By accepting the ticket you are deciding that your action is ultimately moral, but that it is presuming upon judgement that might not be universally accepted, so you just agree to accept the punishment for that presumption. The citing officer or the judge might or might not mark it down, but you have accepted it is OK.

By deciding to endanger others to save someone, you are making this a 'trolley-problem' instance. There can be no overall agreement about that built into any legal system. Since we can't all agree, you are 'buying' the right to decide for yourself. If you really think your case is that clear, you can challenge the premise instead of accepting it. But it is, most likely, not that clear. The cost of such a ticket should discourage too much of that kind of discretion, without eliminating it. (Of course, if different people are allocated different degrees of discretion because income varies unfairly, that is another flaw in the whole system, not something to be worked out in this example.)

I think legal systems (especially those with common-law histories) are paraconsistent by design, and handle the conflict with punishments in a range of degrees. We all live late enough in the history of our legal processes that we encounter fewer outright exceptions, and we forget the history, but absolute internal consistency was not an initial goal in many legal systems. Judging involved judgement calls on purpose.

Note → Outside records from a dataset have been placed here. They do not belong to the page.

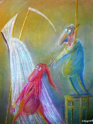 Виктор Богорад — страшный человек. Он повесил, зарезал и утопил массу людей, поссорил множество семей, лишил идеалов неисчислимое количество народа, ехидно расправился со всеми святыми понятиями… И стал явлением в карикатуре "черного" юмора.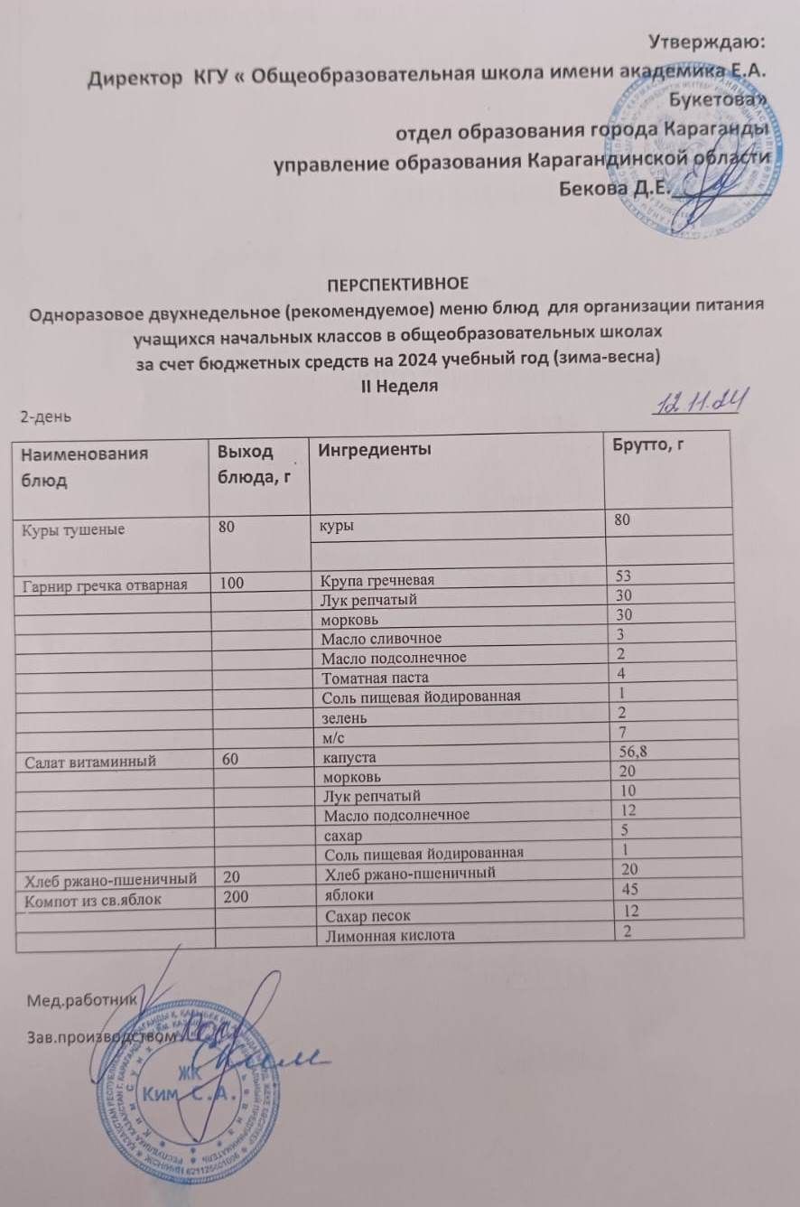Питание школьнтков 12 ноября 2024 года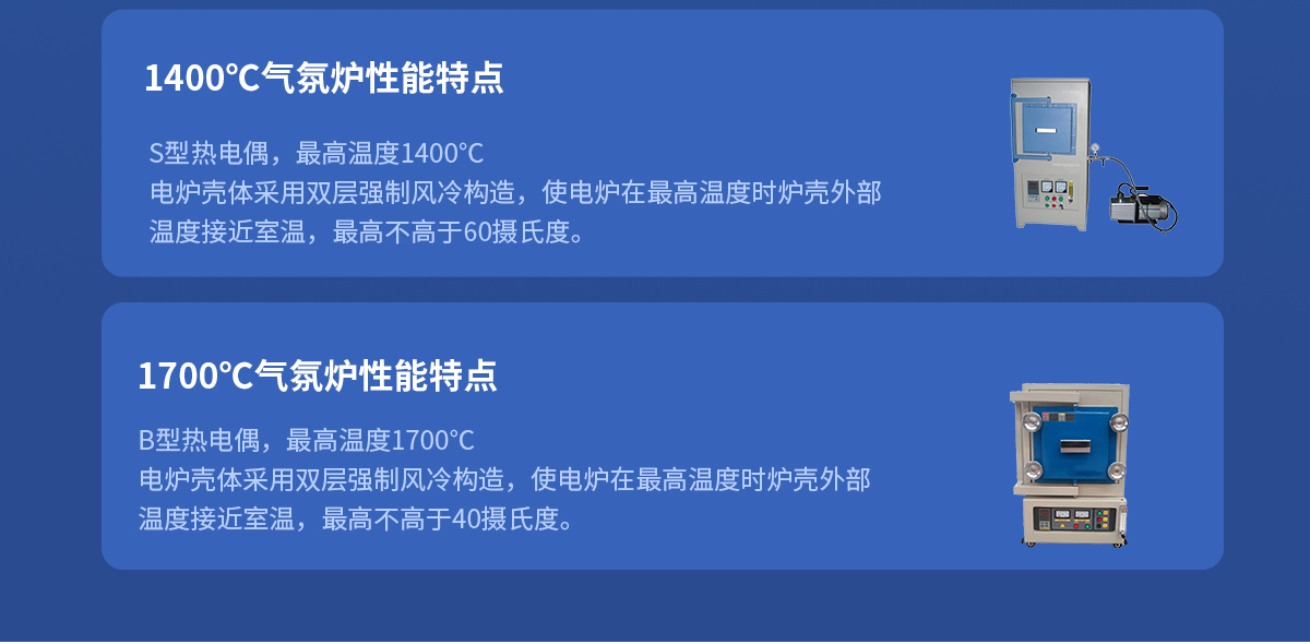 电炉壳体采用双层强制风冷构造,使电炉在**温度时炉壳外部温度接近室温,**不高于40摄氏度。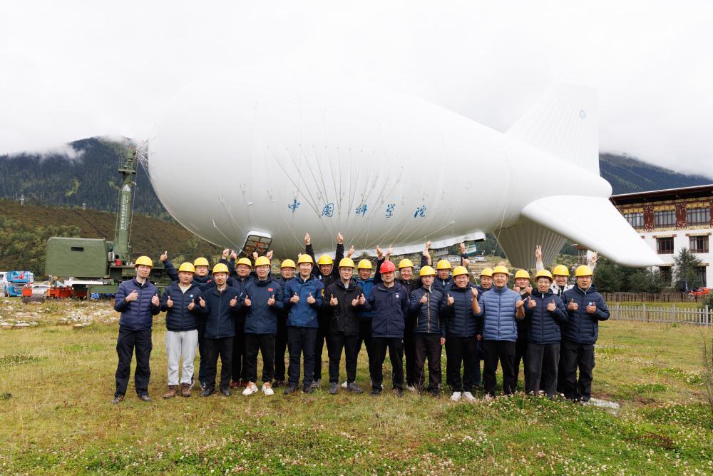 “極目一號(hào)”浮空艇試驗(yàn)隊(duì)部分成員合影(2025年9月18日攝)。新華社記者 金立旺 攝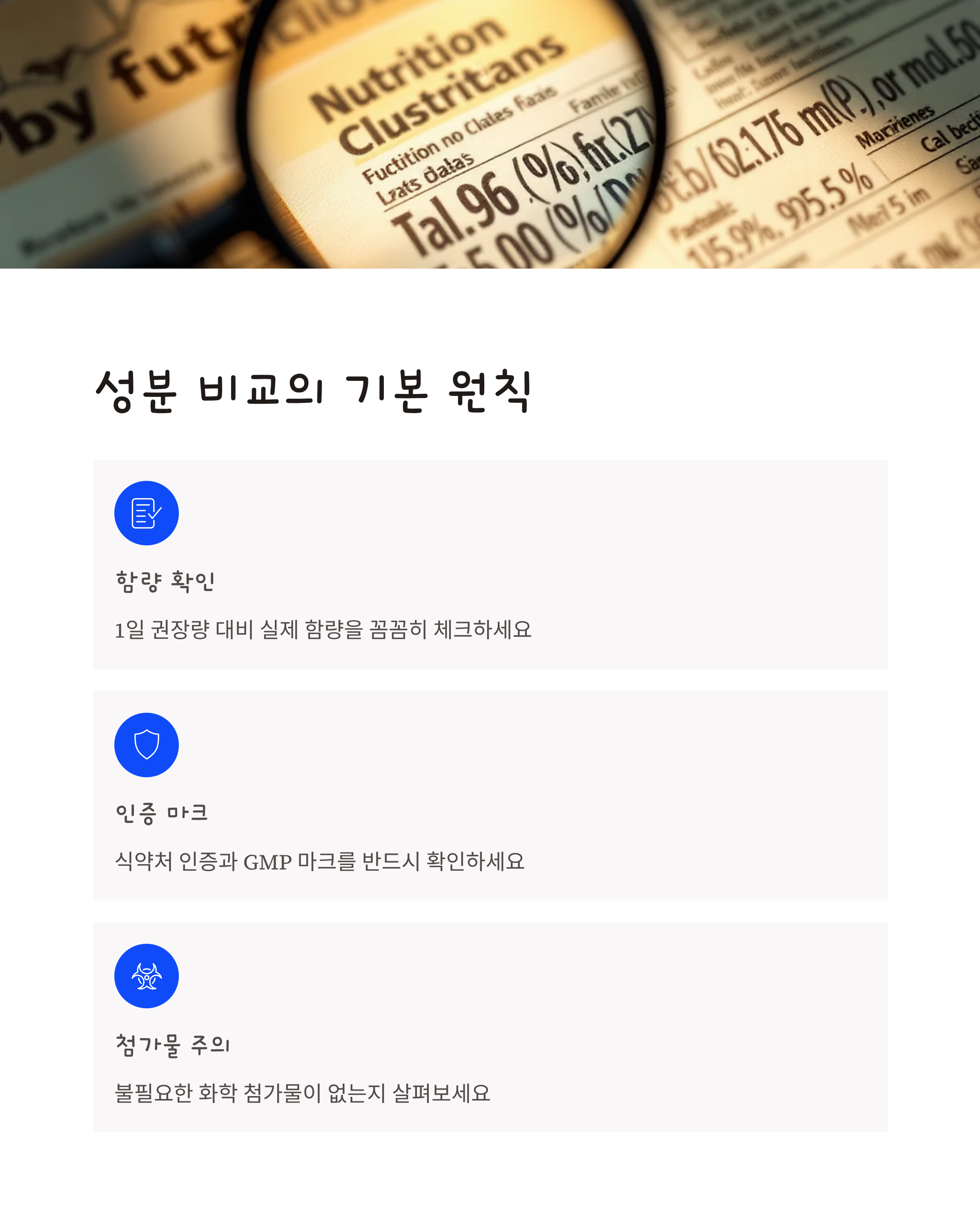 | 성분표 확인 | 함량 및 원료 출처, 부원료 꼼꼼히 확인 |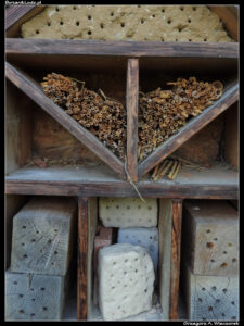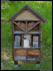 Na koniec dzisiejszego wpisu wracamy jeszcze do domków dla owadów. Okazało się, że podczas ostatniej inwentaryzacji udało mi się jeden przegapić. Domek numer dziesięć położony jest na trawniku, na skraju lasu sąsiadującego z sadem i skansenem. W niewielkiej odległości od niego znajdują się kwitnące jabłonie, rabaty z różnymi roślinami kwitnącymi wczesną wiosną oraz kwietny ogród położony przy skansenowej chałupie. W domku możemy zobaczyć dużą różnorodność materiałów. Jest glina, są trzcinowe rurki, niżej drewniane klocki i nawiercone pustaki. Na samym dole resztki rdestowych rurek o bardzo dużej średnicy. Jeszcze nie widziałem, żeby jakikolwiek owad budował w nich gniazda, ale to wcale nie znaczy, że są zbędne. Duża średnica sprawia, że w nocy czy w czasie złej pogody mogą w nich szukać schronienia całkiem duże owady. Niestety, mimo dostępu do źródeł różnorodnego pokarmu, domek nie wygląda na gęsto zasiedlony. Być może przyczyną jest to, przez część dnia znajduje się w cieniu? I to już chyba ostatni z domków, mam nadzieję, że nie przeoczyłem żadnego więcej. W kolejnych sezonach będę starał się je systematycznie obserwować i może nawet wyciągnąć z tych obserwacji jakieś sensowne wnioski.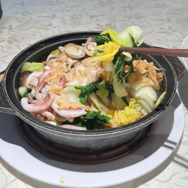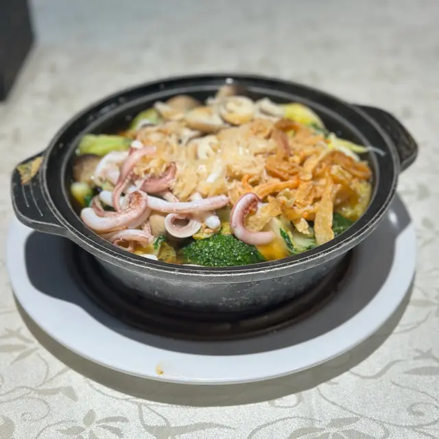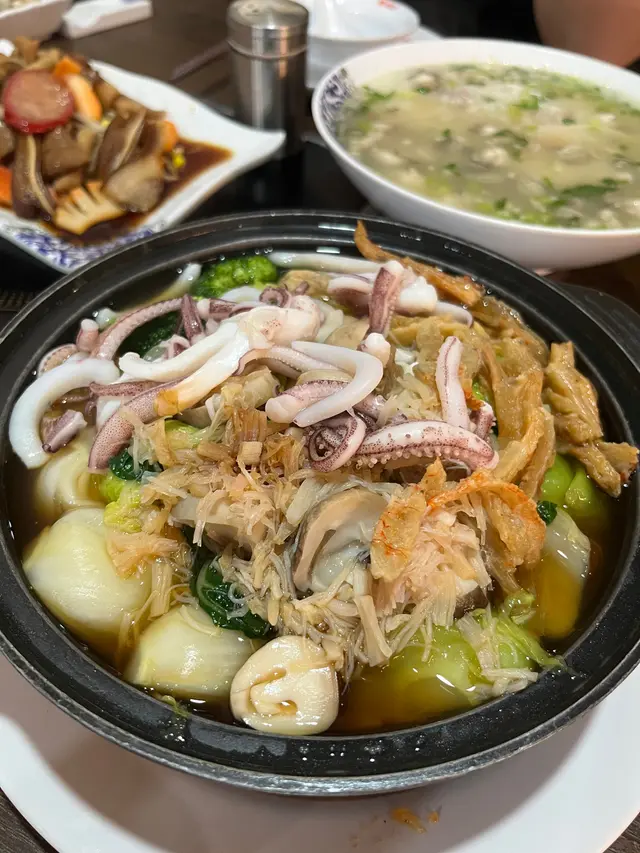 Visited this Chiu Chow resto with colleagues for farewell dinner. .We ordered the following dishes to share:-Braised Goose (HKD180)The goose was well-marinated but not very meaty and contained quite a lot of bones and fat. The dish had a bottom filled with smooth and soft tofu. -Porridge with Baby Oyster & Minced Pork (HKD128)The porridge had a fish soup base with minced pork. The rice grains were soft and not too sticky. The oyster did not have a fishy smell in general, and combined nicely with the soup, creating a sweet flavour. -Deep-fried Cuttlefish with Salted Egg Yolk (HKD160)Coated generously in salted egg yolk, the cuttlefish had an attractive golden yellow crispy skin. It was very savoury with a pleasantly chewy texture. -Mud Crab (HKD328)Accompanied by vermicelli, the mud crab was cooked with ginger and typhoon shelter-style sauce, giving it a more aromatic smell. -Tung Choi with XO Sauce in Stone Pot (HKD118)The tung choi absorbed the XO sauce thoroughly and had great wok hei. It was fresh and easy to bite into. -Deep-fried Crispy Baby Oyster Cake (HKD118)The oyster cake was filled with plump baby oysters, and dipping them in the fish sauce elevated the umami of the oysters. Its exterior was quite crunchy. -Braised Assorted Platter (+HKD8)To celebrate their sixth-year anniversary, the resto offered a promotion which allowed us to add HKD8 to order this dish after consuming a total of HKD300. The platter included goose intestines, goose kidneys, pork belly slices, pig intestines, cuttlefish, etc. Liked the elastic goose intestines the most. -Braised Bean Curd (HKD108)The bead curd was served with mushrooms and choi sum on the side. It didnt taste particularly memorable though. -Chinese Kale with XO Sauce in Stone Pot (HKD118)It was served piping hot and smelled good. Couldn't really recall its taste though. .The resto has a wall of pictures showcasing different celebrities who have visited them. It gets more and more ppl after 20:00. …查看更多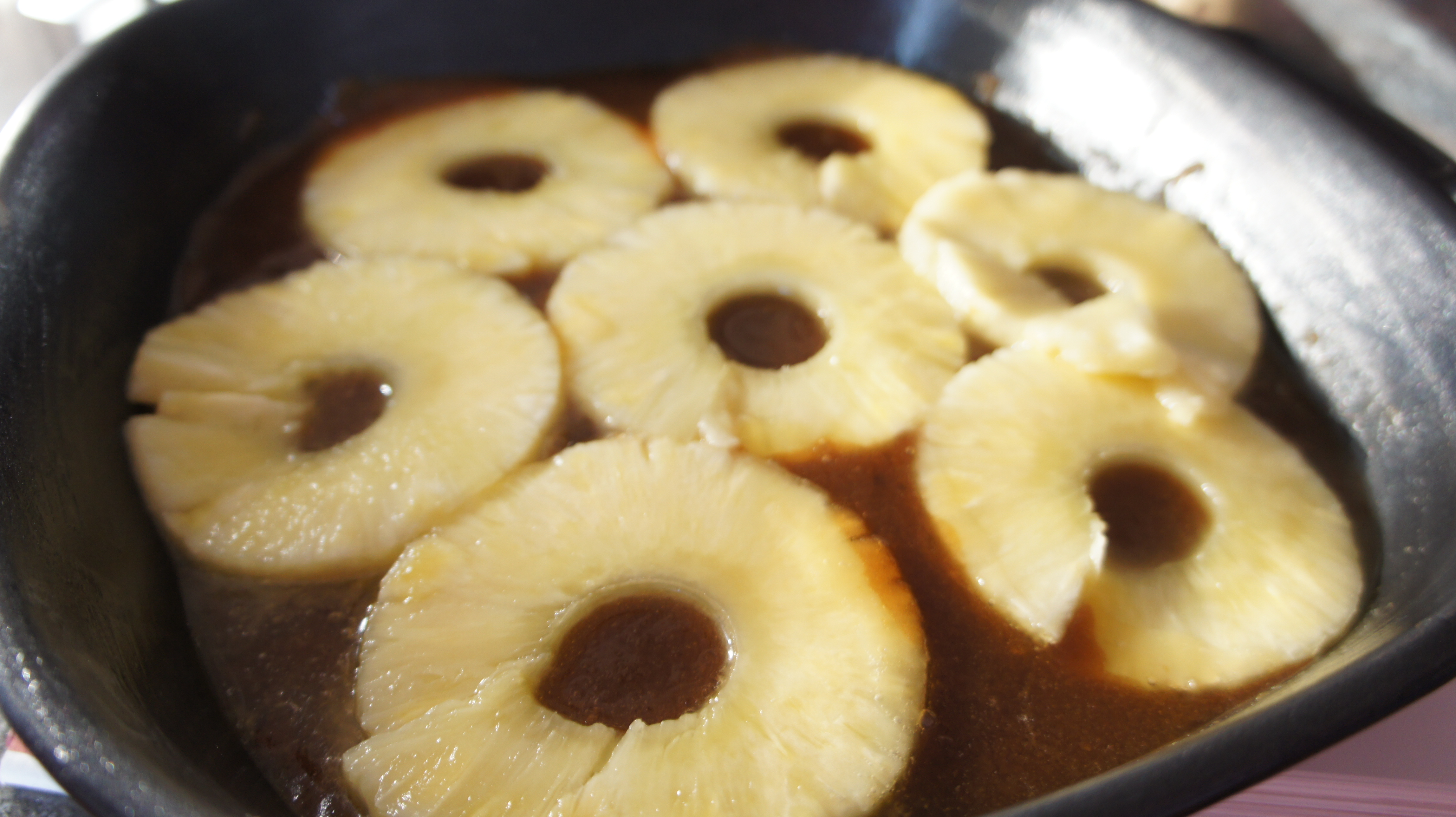 In a small saucepan over medium heat, melt the butter. Add the brown sugar and stir until small bubbles appear, 2-3 minutes. Remove the mixture from the heat and pour into the prepared pan. Arrange your pineapple half-moons/circles in the pan so that you fit in as much as possible, but do not overlap the fruit. Set aside

The Common Law tradition in England and some of its colonies (including parts of the US) builds in long-term acceptance of the risk of breaking the law as a way of modifying the law itself.

Some examples in the Common Law countries that still apply where they are not officially overruled:

  • Marriage by affiliation: An unmarried woman is legally required to
    maintain some room of her own, shared only with blood relatives, other women, or children. But if she voluntarily shares a bedroom with a single man for long enough, reserving no other space of her own, she is then 'effectively married' to him, she can live there indefinitely, all property in that room is shared, and her children will be his responsibility. (I think this is no longer applicable anywhere. But many places never overruled it until they allowed gay marriage, at which point it becomes sexist. Parts of this concept were still the law in my home state until 2016.)
  • Easement of passage: If your land lies along an ordinary route with a history of common use, you cannot prevent people from trespassing. So trespassing often enough makes it not trespassing.
  • Squatting: If you illegally occupy a space set aside for a different purpose for long enough without encountering charges from anyone asserting their right to use it for that purpose, it no longer has that purpose, and you have the right to stay there.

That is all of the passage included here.